Exhibitions
UPCOMING EXHIBITION
Eleanor Dorrien-Smith
Drifting Contours
Drifting Contours: A study in tidal landscape and light is my first show with Eleanor Dorrien-Smith. Better known for painting the South West and the Isles of Scilly, I managed to lure Eleanor to the East and persuade her to stay here in North Norfolk for a week's residency last August.
It was a balmy week. The light was typically muted, but the mornings were clear and fresh. We walked for miles along the coast, from Brancaster to Burnham Overy and onto Holkham; Eleanor carried on to Stiffkey and Morston, sketching, looking, absorbing the landscape. What was followed by a second visit earlier this year, then culminated in this thirty-painting series to be aptly exhibited in The Boathouse at Burnham Overy Staithe.
Loose in feel but never distorted, Eleanor's paintings are rooted in the underlying shapes and contours of this landscape we love and know so well. Colour plays a vital role, a gentle palette of blues and greens on unfinished sandy-toned canvases. You can feel the heat of the day, the particular coastal, hazy light that she masterfully captures as it washes across her shorelines.
A landscape in flux is hard to recreate. The creeks, marshes and sandbanks are constantly reshaped by the tides. Colours shift with the weather and light.
These paintings are unmistakably Norfolk, but equally they capture the essence of being absorbed by these ‘drifting contours.’
I’ve been trying to pinpoint why I am so drawn in by Eleanor’s style - perhaps it is the echo of England’s green and pleasant lands meditatively portrayed by William Nicholson, or the erring towards abstraction of Paul Nash, or the contemplative nature of James McNeil Whistler recently witnessed at The Tate Britain, either way something resonates hard, but most importantly, what you are left with is a very distinctive and innovative harmony.
CURRENT EXHIBITION
Kate Giles
Remember Tomorrow
Gainsborough's House presents new and recent paintings by acclaimed painter, Kate Giles, who has made some of the most vital depictions of landscape in recent times. The exhibition is a key part of the Spring/Summer Season at Gainsborough's House, celebrating the 250th anniversary of John Constable’s birth. Open 26th April to October 11th.
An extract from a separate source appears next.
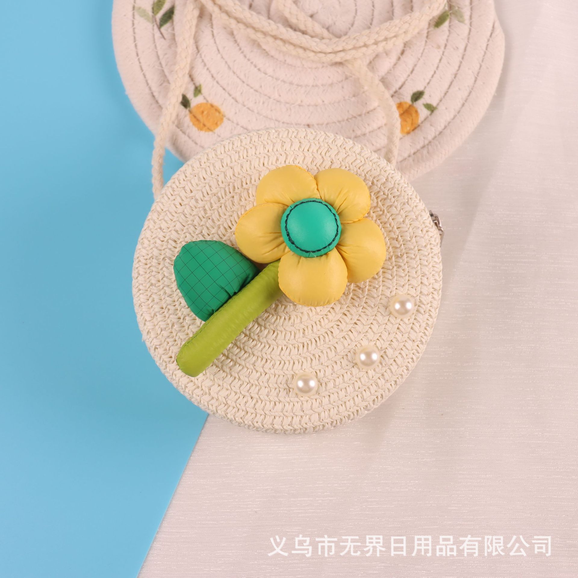 봄과 여름 새로운 어린이 밀짚 진주 작은 가방 여성의 귀여운 크로스 바디 라운드 가방 공주 유행 어깨 가방
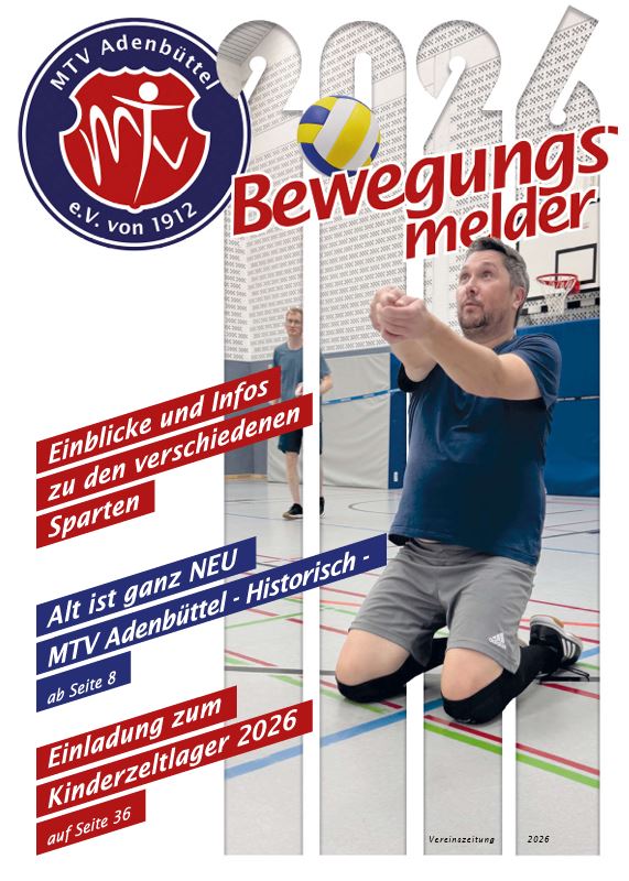 „Menschen im Sport vereinen“ ist unser Slogan und dieser wird im Verein gelebt. Es gibt keinen besseren Nachweis dafür als unsere MTV-Vereinszeitschrift, den Adenbütteler Bewegungsmelder. Diesen brachten Melanie Kracht und Thomas Reckewell in enger Zusammenarbeit mit den Sparten des Vereins letztes Jahr erstmals heraus, zu der Mitgliederversammlung am 07.02.2026 haben sie nun die neue Version für 2026 fertiggestellt und veröffentlicht, die ihr unter Downloads hier herunterladen und lesen könnt.

Kate Giles: “How I work is dependent on a deepening familiarity with place, a repetitive mining of it until ‘known by heart’. Close to Constable’s idea of painting as doggedly driving in a nail. Working in series, often on several pieces at the same time, allows for something different to emerge with every piece whilst fundamentally allowing the materiality of paint as something with a life of its own.’